DATASET EXTRACT Start Marker

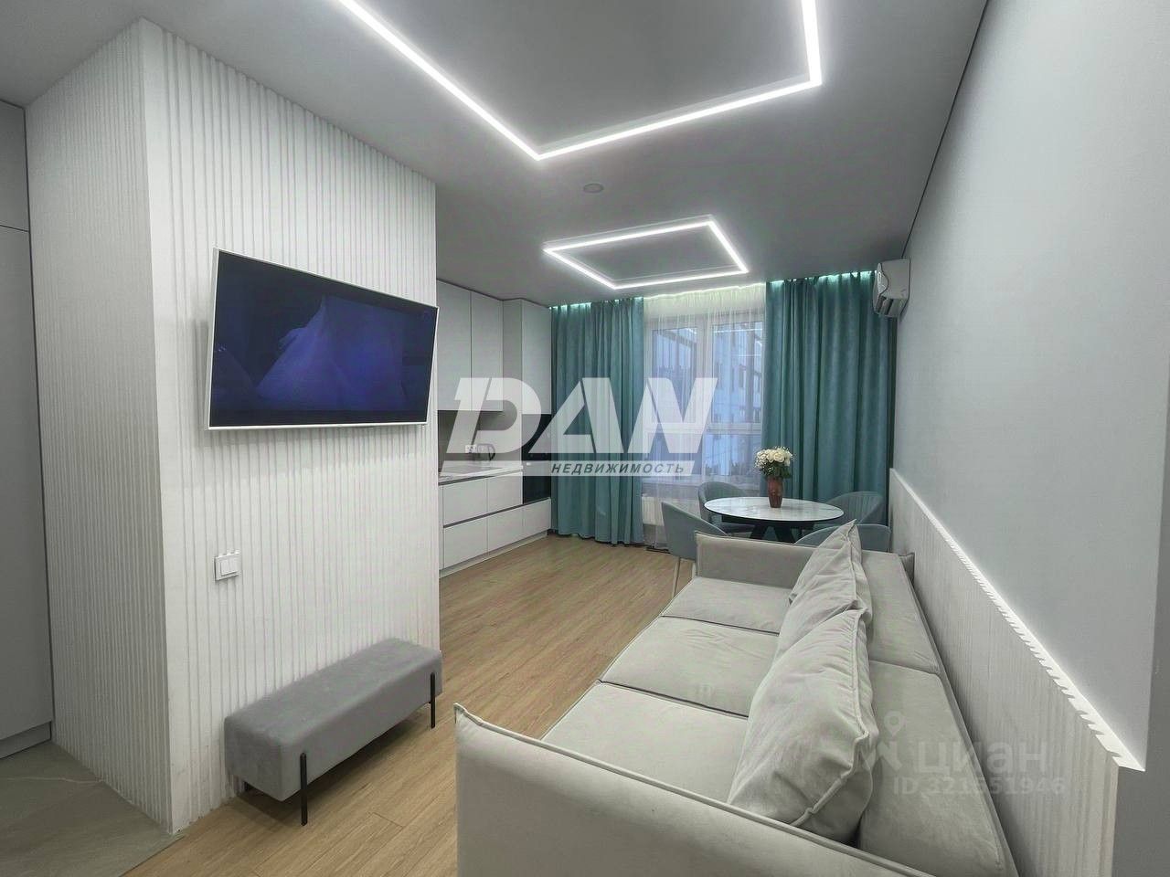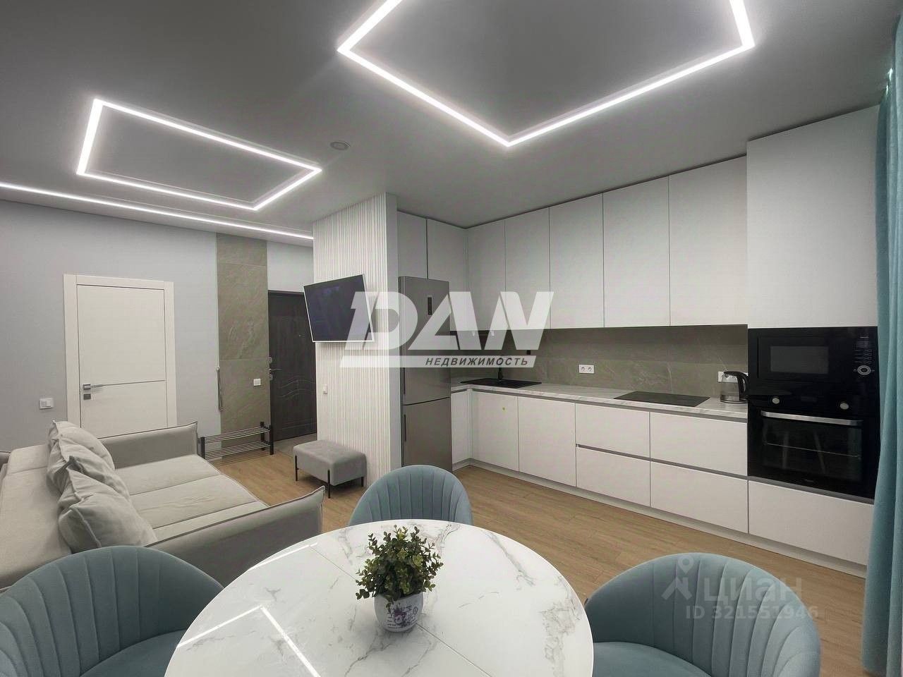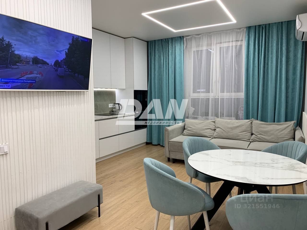 В кухне-гостиной новый кухонный гарнитур со встроенной бытовой техникой, есть кондиционер. Ремонт выполнен в 2024 году по проекту дизайнера, по принципам Васту, для гармоничного проживания всей семьи.
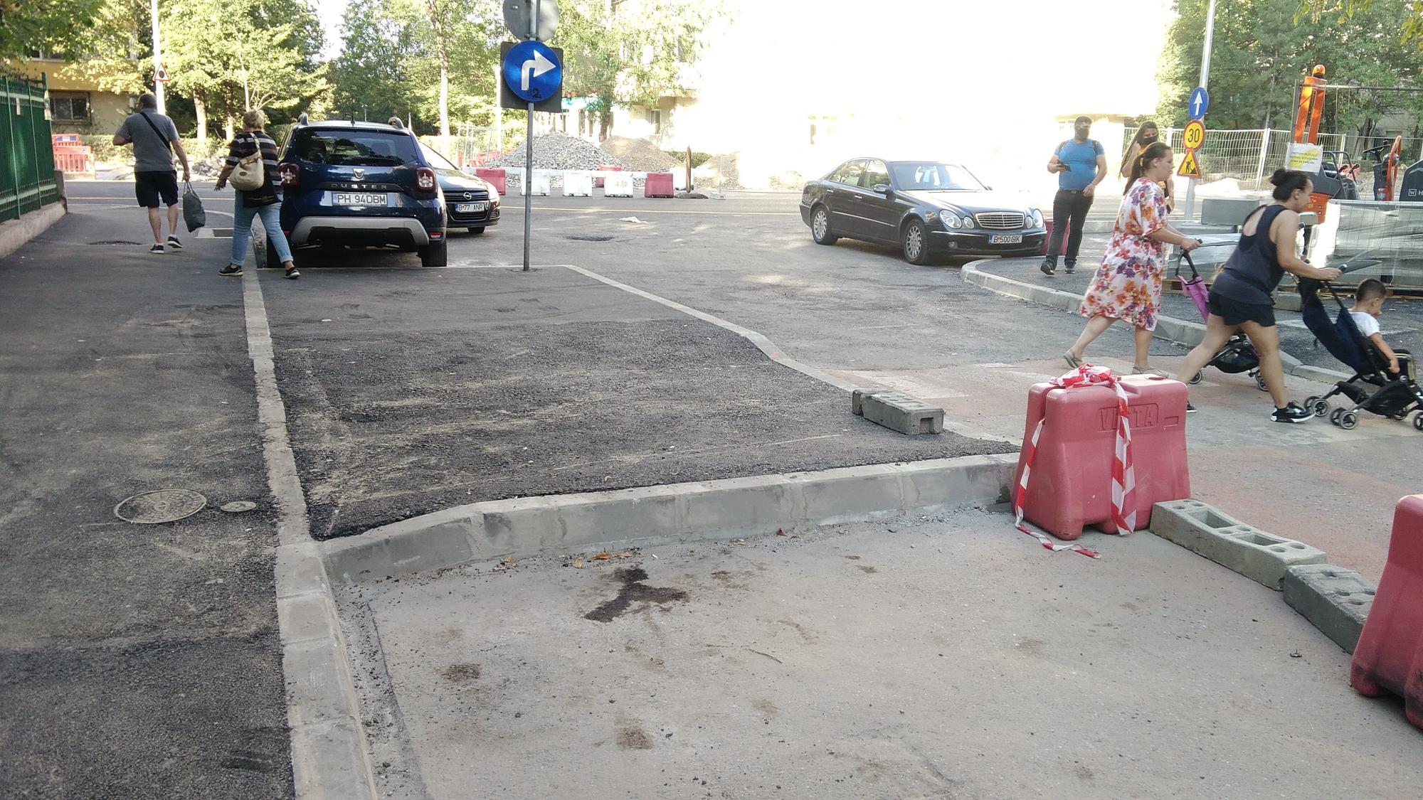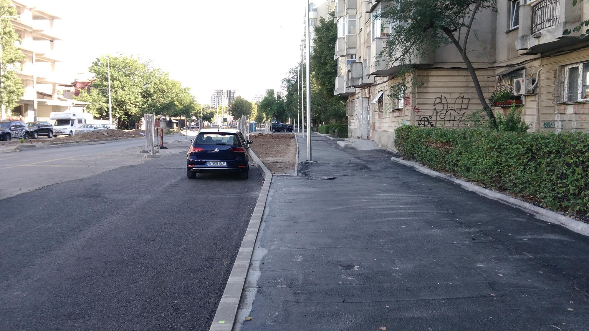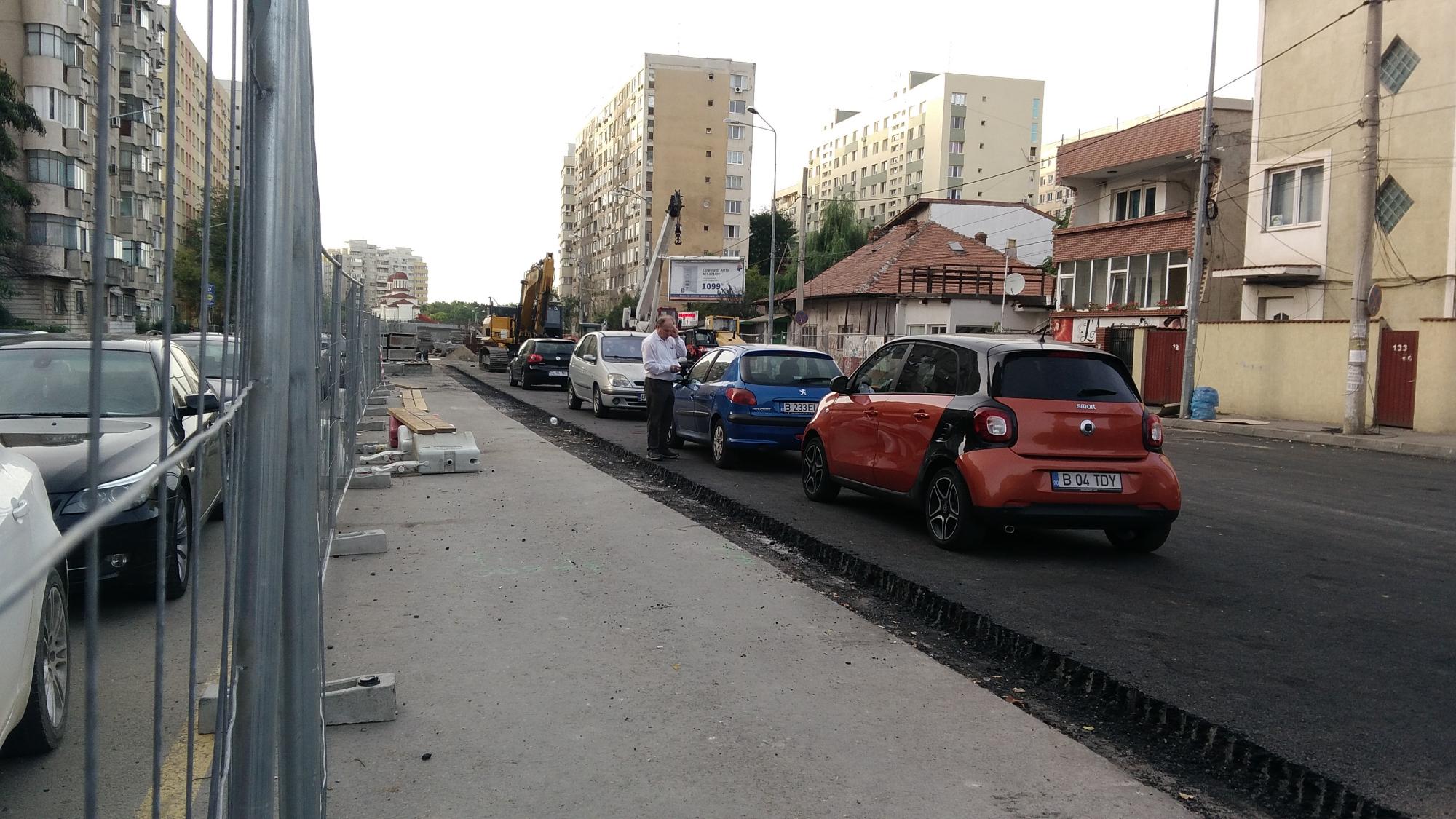 Pe partea dinspre Tei nu prea mai este front de lucru, au decopertat asfaltul de pe trotuarul de pe partea blocurilor de la parc si cam atat. Au mai zburat din masinile parcate spre Petricani ca sa mute bordura in continuare. Au mai avansat putin cu canalizarea paralel cu biserica. Se refac scarile cu rampa noua la coborarea in Ion Berindei de pe promenada inalta.
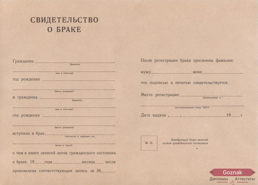 Компания «Гознак-Дипломы» успешно работает на рынке более 15 лет и предлагает Вам купить свидетельство о заключении брака СССР 1940 - 1949 гг. выгодно по хорошим ценам на настоящем бланке Гознак с оригинальными печатями и подлинными подписями. Документы имеют все степени защиты, оформлены по государственным нормам и с учетом особенностей конкретных учебных заведений. Свидетельство о заключении брака СССР 1940 - 1949 гг. на 100% соответствуют подлинникам, поэтому проблем точно не доставят, которые без опаски можно предоставлять в отдел кадров:
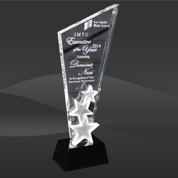 Crystal M.C. Hollywood Award (T-SMC309, T-SMC311) (Sizes: 10", 12" Tall) Crystal Info: The Crystal M.C. Hollywood Award features a pointed optic crystal rising peak with three frosted stars on the bottom. Award is mounted onto a black crystal base. Comes inside of an elegant presentation case.
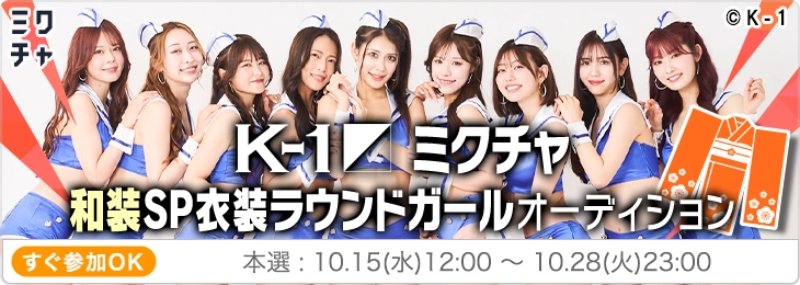 K-1実行委員会からの新たなお知らせです。 K-1と株式会社DONUTS(東京都渋谷区、代表取締役:西村啓成)が運営するライブ配信&動画アプリ「ミクチャ」( https://mixch.tv/ )が、2025年11月15日(土)に東京・国立代々木競技場第一体育館で開催される「K-1 WORLD MAX 2025」のラウンドガール出演者を決定するオーディションイベント『K-1×ミクチャ和装SP衣装ラウンドガールオーディション』を、10月15日 (水) 12:00 ~ 10月28日 (火) 23:00まで開催いたします。 本オーディションは、書類審査および「ミクチャ」審査にて入賞者2名を選出し、2025年11月15日(土)に開催される「K-1 WORLD MAX 2025」にラウンドガールとして登場してもらいます。また、当日放映される会場ビジョンにて紹介、大会前日に実施を予定しているラウンドガール発表の記者会見に登壇いただくなど、試合中のラウンドガールだけでなく様々な形で活躍いただく機会を用意しております。 激しい闘いの雰囲気を一瞬で華やかに彩るラウンドガールが決まる本オーディションイベントに、ぜひご注目ください。 『K-1×ミクチャ和装SP衣装ラウンドガールオーディション』の概要は、以下の通りです。 ■本選考期間 10月15日 (水) 12:00 ~ 10月28日 (火) 23:00 ■応募条件 ・2025年10月1日時点で身長150cm以上の16歳~39歳までの健康なお顔出し可能な女性限定です。 ・2025年11月14日(金)開催の前日記者会見への出席、11月15日(土)開催の「K-1 WORLD MAX 2025」への出演が可能かを事前に確認の上、応募をお願いします。 ・ご本人様または担当マネージャー様には事前エントリーフォームを提出頂き、書類審査合格者のみ本選参加ができます。 ・事務所所属の有無は問いません。競合排他のため、現在ラウンドガールとして活動されている方はご参加をご遠慮ください。 ・反社会的勢力と関わりのある方、タトゥーが入っている方、犯罪歴がある方などは応募された場合でも参加ができませんのでご了承ください。 ・本イベントはソロアカウントのみ参加することができます。 ・芸能事務所、モデル事務所、ライバー事務所に所属している方は必ず許諾を得てご応募ください。 ・参加に対する交通費・宿泊費・出演費の支給はございません。 ・当日撮影した画像、活動の様子はSNS・Webサイト・その他各種広告へ二次利用させていただく場合がございます。 ・いかなる理由でも履行日にお越し頂けない場合は補填対応などは行えませんのでご了承ください。 ・天災や諸事情により大会自体が中止となった場合は入賞者と相談の上、履行内容が一部変更になる場合がございます。 ・参加条件に適してないと判断された場合は入賞者都合により辞退扱いとなる場合がございます。辞退となった場合でも返金対応、補填対応などは出来かねますのでご注意ください。 ■応募窓口 https://line.me/R/ti/p/@574eemlc?ts=10102042&oat_content=url ■出演枠 ・2名 ■主なプライズ(賞品) ・「K-1 WORLD MAX 2025」でのラウンドガール出演 ・「K-1 WORLD MAX 2025」会場内ビジョン紹介 ※その他プライズに関する情報やオーディションイベントに関する詳細は、イベントページ(https://mixch.tv/p/nqa2bova )をご覧ください。 --------------- ■ライブ配信&動画アプリ「ミクチャ」について ライブ配信と動画投稿でコミュニケーションを楽しめるアプリ。2013年12月より運用を開始し、国内累計1,800万ユーザーを突破。現在の月間訪問者数は500人を超えています。2020年7月にサービス名を「MixChannel」より「ミクチャ」に改称いたしました。 公式サイト :http://mixch.tv (PC、スマートフォン共通) アプリダウンロードURL :https://app.adjust.com/5ns21yf ■株式会社DONUTSについて 社名 : 株式会社DONUTS 所在地 : 東京都渋谷区代々木2-2-1 小田急サザンタワー8階 代表者 : 代表取締役 西村啓成 設立 : 2007年2月5日 事業内容 : クラウドサービス事業、ゲーム事業、動画・ライブ配信事業、医療事業、出版メディア事業 企業サイト : https://www.donuts.ne.jp/ 採用情報 : https://www.wantedly.com/companies/donuts2007/
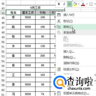 选中工资表表头,右击鼠标,弹出菜单选择复制,把此表头复制出来。
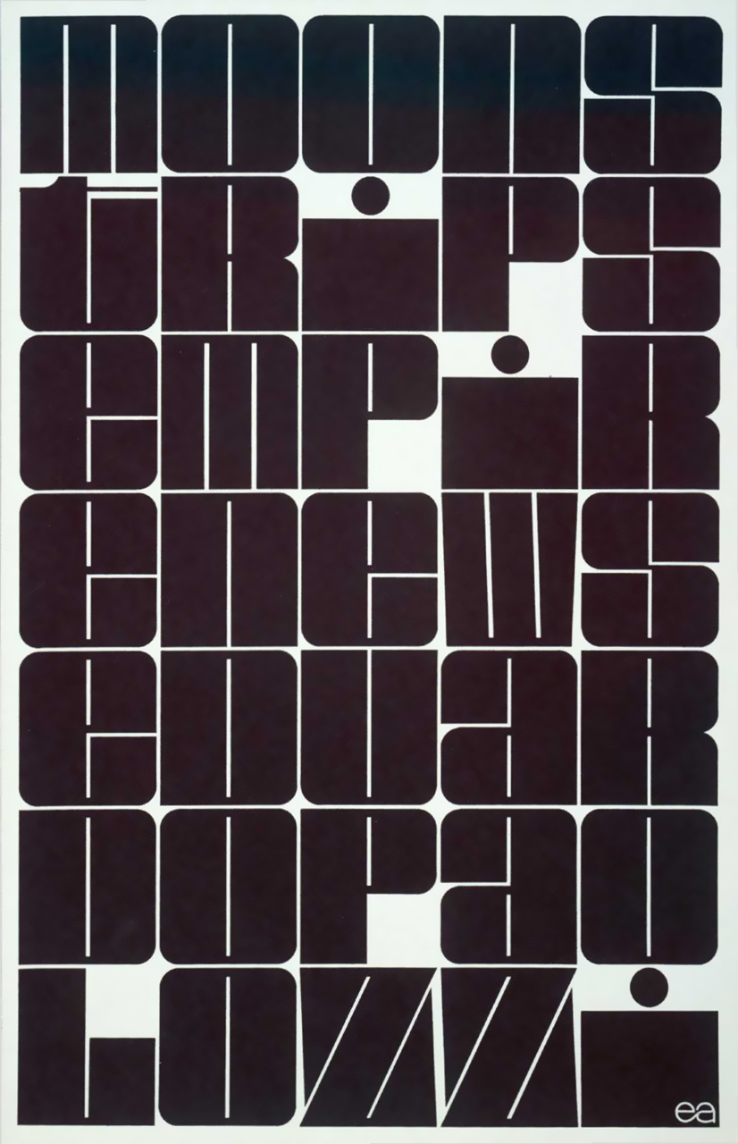 I am the designer of the font “Deutsch Black”. The design was a winner of the 2nd World Typeface Competion in 1965 – by the International Typeface Corporation (ITC) which was run by Aaron Burns. The face portrayed here has been altered from my “original” design… which was not influenced by Sir Palolozzi… but by the classic, Futura Black font and some design work by Herb Lubalin. Just setting the record straight.

DATASET EXTRACT End Marker

(EXERCISE OBJECTIVE): What you should repeat exactly is the run of lines from the top of the listing above through the line with "Pe partea dinspre", without pictures.

(EXERCISE SOLUTION):
 В кухне-гостиной новый кухонный гарнитур со встроенной бытовой техникой, есть кондиционер. Ремонт выполнен в 2024 году по проекту дизайнера, по принципам Васту, для гармоничного проживания всей семьи.
 Pe partea dinspre Tei nu prea mai este front de lucru, au decopertat asfaltul de pe trotuarul de pe partea blocurilor de la parc si cam atat. Au mai zburat din masinile parcate spre Petricani ca sa mute bordura in continuare. Au mai avansat putin cu canalizarea paralel cu biserica. Se refac scarile cu rampa noua la coborarea in Ion Berindei de pe promenada inalta.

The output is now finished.